#### Your instructions
Images do not belong in the copy. Retype all the entries below exactly.

** Opening Supplied material block **

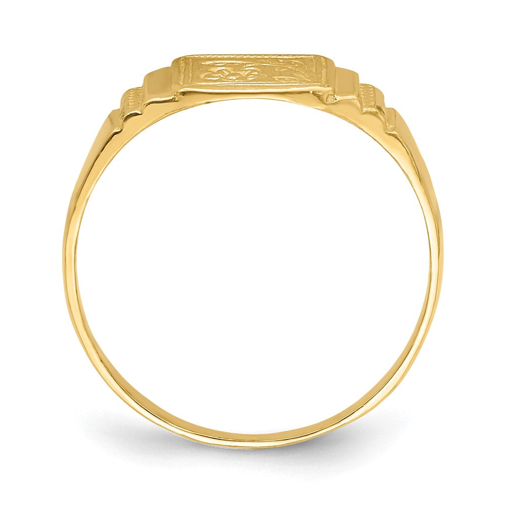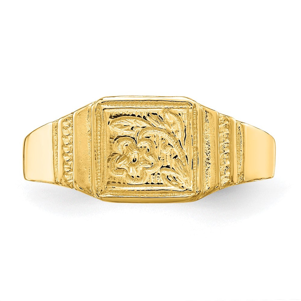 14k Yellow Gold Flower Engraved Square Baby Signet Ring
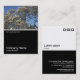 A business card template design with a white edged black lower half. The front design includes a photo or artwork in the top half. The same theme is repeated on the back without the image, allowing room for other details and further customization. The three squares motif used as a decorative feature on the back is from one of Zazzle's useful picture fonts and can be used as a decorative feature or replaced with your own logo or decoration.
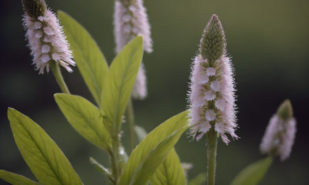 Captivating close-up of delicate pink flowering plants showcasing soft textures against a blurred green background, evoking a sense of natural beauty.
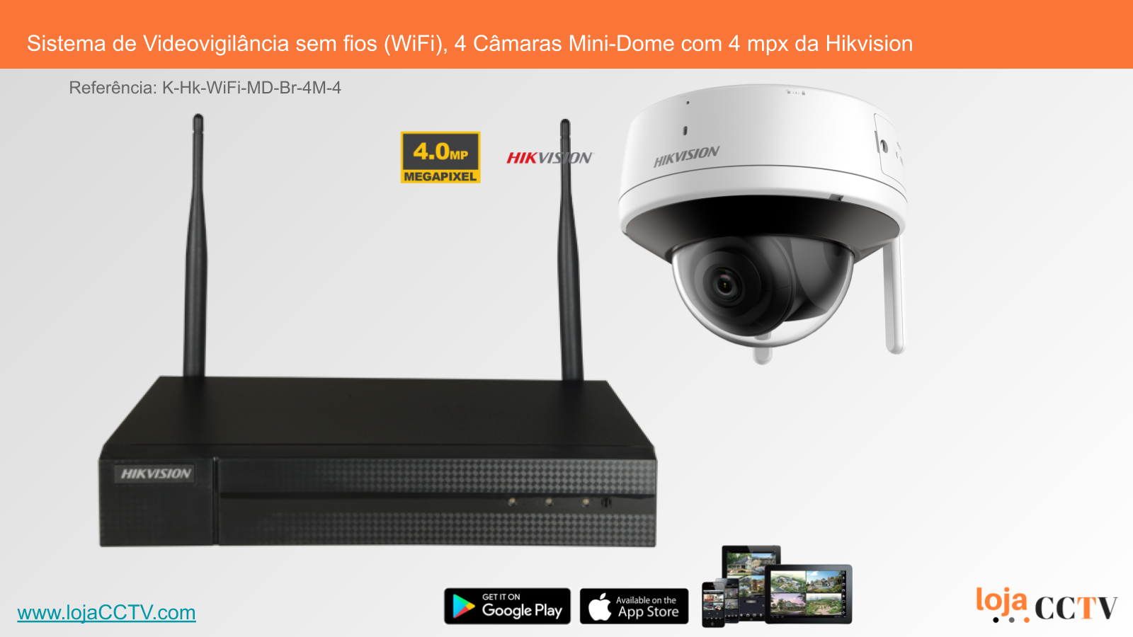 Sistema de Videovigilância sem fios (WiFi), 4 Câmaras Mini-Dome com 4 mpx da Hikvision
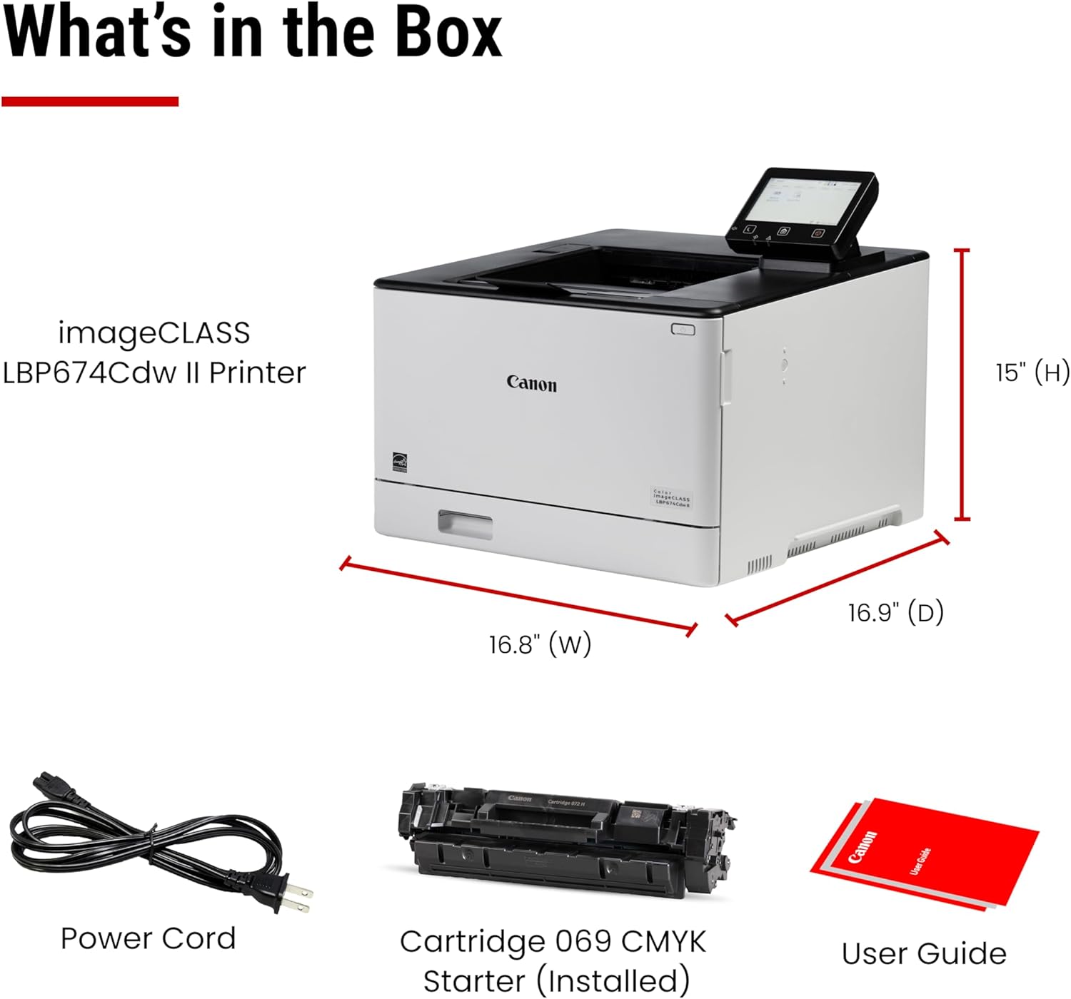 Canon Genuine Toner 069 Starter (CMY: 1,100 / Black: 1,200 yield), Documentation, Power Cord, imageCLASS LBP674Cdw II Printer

** Closing Supplied material block **

#### Exercise result
 14k Yellow Gold Flower Engraved Square Baby Signet Ring
 A business card template design with a white edged black lower half. The front design includes a photo or artwork in the top half. The same theme is repeated on the back without the image, allowing room for other details and further customization. The three squares motif used as a decorative feature on the back is from one of Zazzle's useful picture fonts and can be used as a decorative feature or replaced with your own logo or decoration.
 Captivating close-up of delicate pink flowering plants showcasing soft textures against a blurred green background, evoking a sense of natural beauty.
 Sistema de Videovigilância sem fios (WiFi), 4 Câmaras Mini-Dome com 4 mpx da Hikvision
 Canon Genuine Toner 069 Starter (CMY: 1,100 / Black: 1,200 yield), Documentation, Power Cord, imageCLASS LBP674Cdw II Printer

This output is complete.